Wednesday, 21 July 2010

Cam's Lockerbie curveball to Salmond

Baltimore, Wednesday afternoon.

On a train bound for New York after what David Cameron must consider a fairly successful Washington leg to his short US tour.

Facing a very difficult start to the day yesterday, with most of the US media and the travelling UK press lobby demanding answers on the Al Megrahi release, Cameron managed to throw what the US baseball commentators call a curveball in the direction of Alex Salmond.

The day should have been all about geo-politics and global economics but the focus was almost entirely on the release of the most notorious prisoner Greenock jail has every held.

At his White House press conference, with the most powerful politician in the world at his side, Cameron managed to de-couple US anger over BP and the Gulf of Mexico oil spill with the release of the Lockerbie bomber.

He did this by making sure he thought BP should carry the can for compensation and clean-up in the Gulf while emphasising that it was not the oil company that freed al Megrahi.
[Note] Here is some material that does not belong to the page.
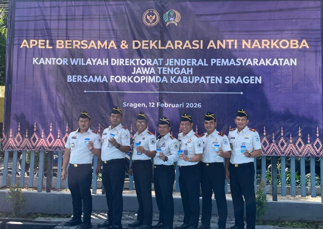 Sragen – Komitmen perang terhadap narkoba kembali ditegaskan jajaran pemasyarakatan Jawa Tengah. Lembaga Pemasyarakatan (Lapas) Kelas IIB Brebes turut ambil bagian dalam Apel dan Deklarasi Anti Narkoba yang diselenggarakan oleh Kantor Wilayah Direktorat Jenderal Pemasyarakatan Jawa Tengah di Kabupaten Sragen, Kamis (12/02).

That, he said, was the Scottish government in Edinburgh.

By offering a review of all the Whitehall papers relating to the case Cameron offered Obama a way out of calling for a full inquiry, as Hilary Clinton and several US senators still demand.

But with Obama saying the answer was simple: "we need all the facts" the pressure piled on Scottish Justice Secretary Kenny MacAskill to reveal the full evidence that led him to his momentous decision to release al Megrahi. The Scottish government insists it has already published as much as it legally can on the case.
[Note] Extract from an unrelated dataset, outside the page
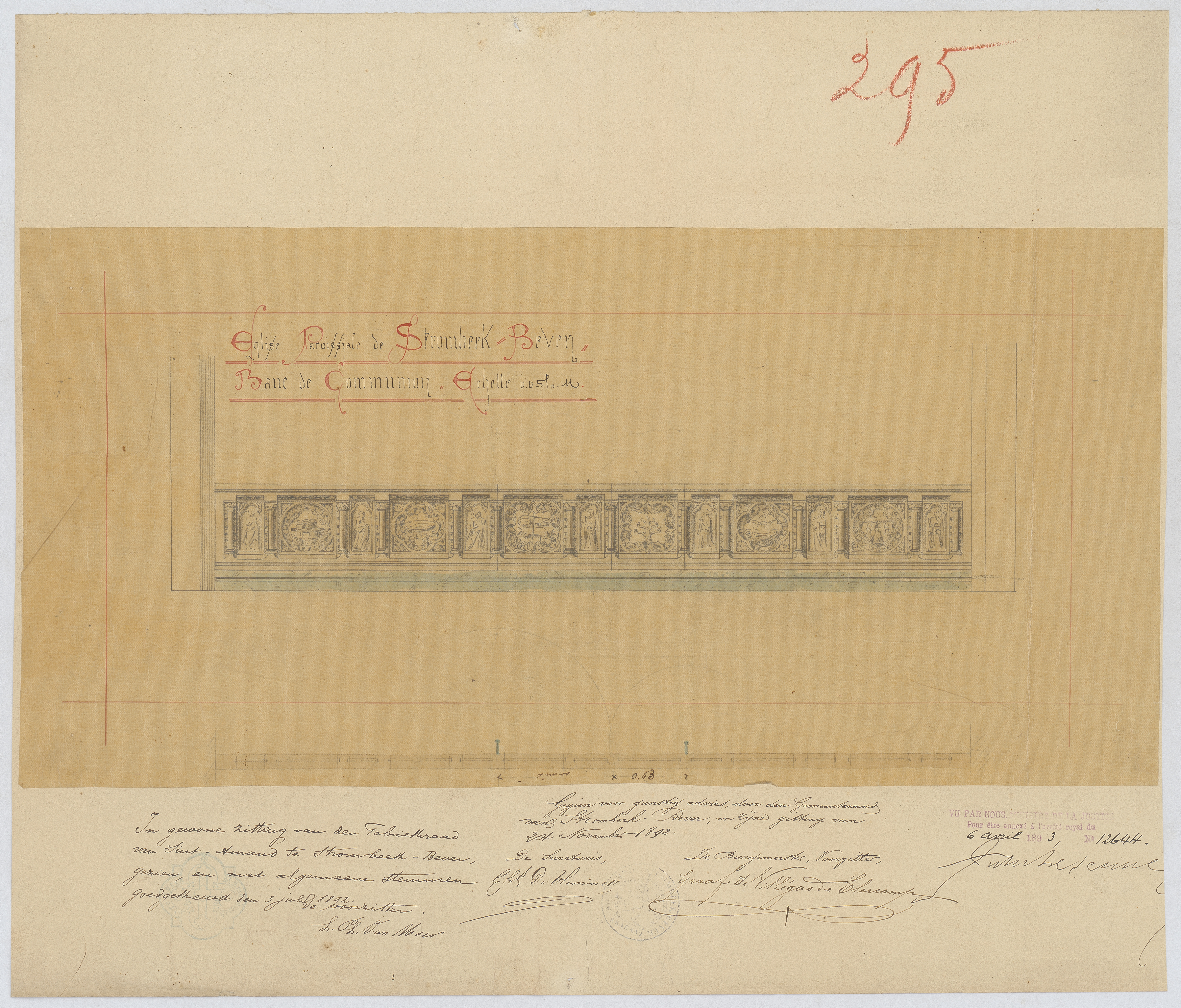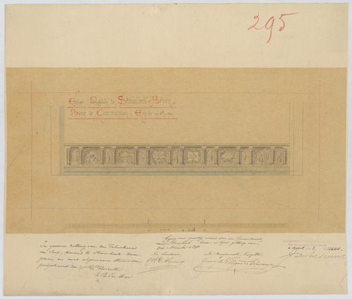 Opschrift: Eglise paroissiale de Strombeek-Bever. Banc de Communion. Omschrijving plan: aanzicht en plattegrond communiebank Datum KCML: 01/01/1893 Archiefnummer: B0277

Cameron is holding the inquiry card back, carefully wording his responses to leave the door ajar. Tempting as it might be for the Prime Minister to trash the previous government, and Tony Blair in particular, by ordering an investigation into the “deal in the desert” and all it entailed it would also mean dragging BP through the mud at a time when the company is already on its knees.

And who knows where an inquiry would end. As I said on Newsnight Scotland last night with the Lockerbie conviction we are already in a hall of mirrors. There are many people, including relatives of some of the victims, who do not believe that al Megrahi was the bomber at all.
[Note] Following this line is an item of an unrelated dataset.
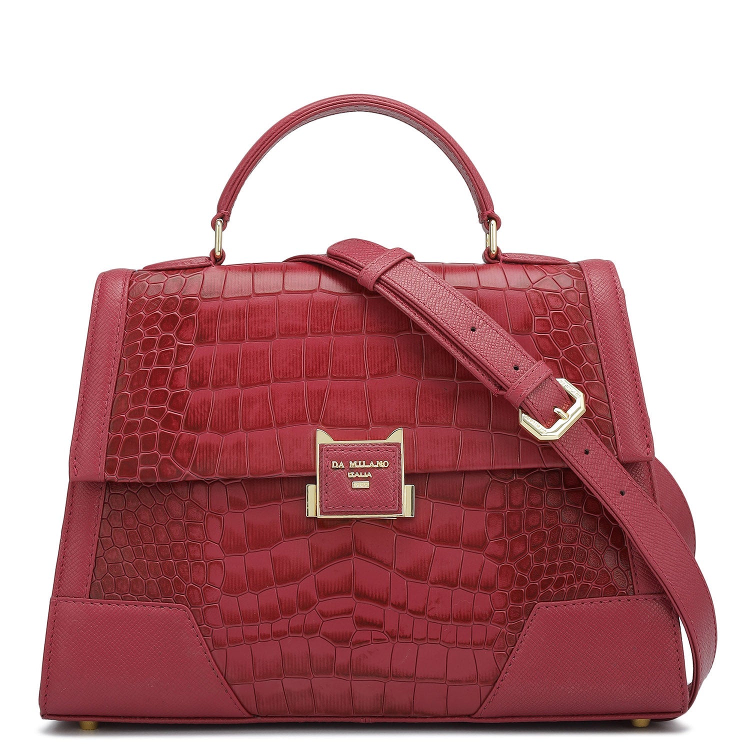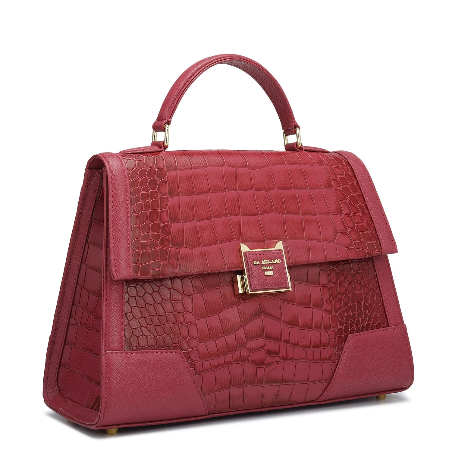 Medium Croco Franzy Leather Satchel - Plumberry

When I returned to the British ambassador's drinks reception from the BBCs' Washington studios Cameron's people allowed themselves a wry smile when they heard Alex Salmond had been on Newsnight and Newsnight Scotland.

I suppose any evening that ends with Alex Salmond having to rush around TV studios defending his Justice Minister's decision while the PM sips cranberry juice can be considered a domestic success by Downing Street.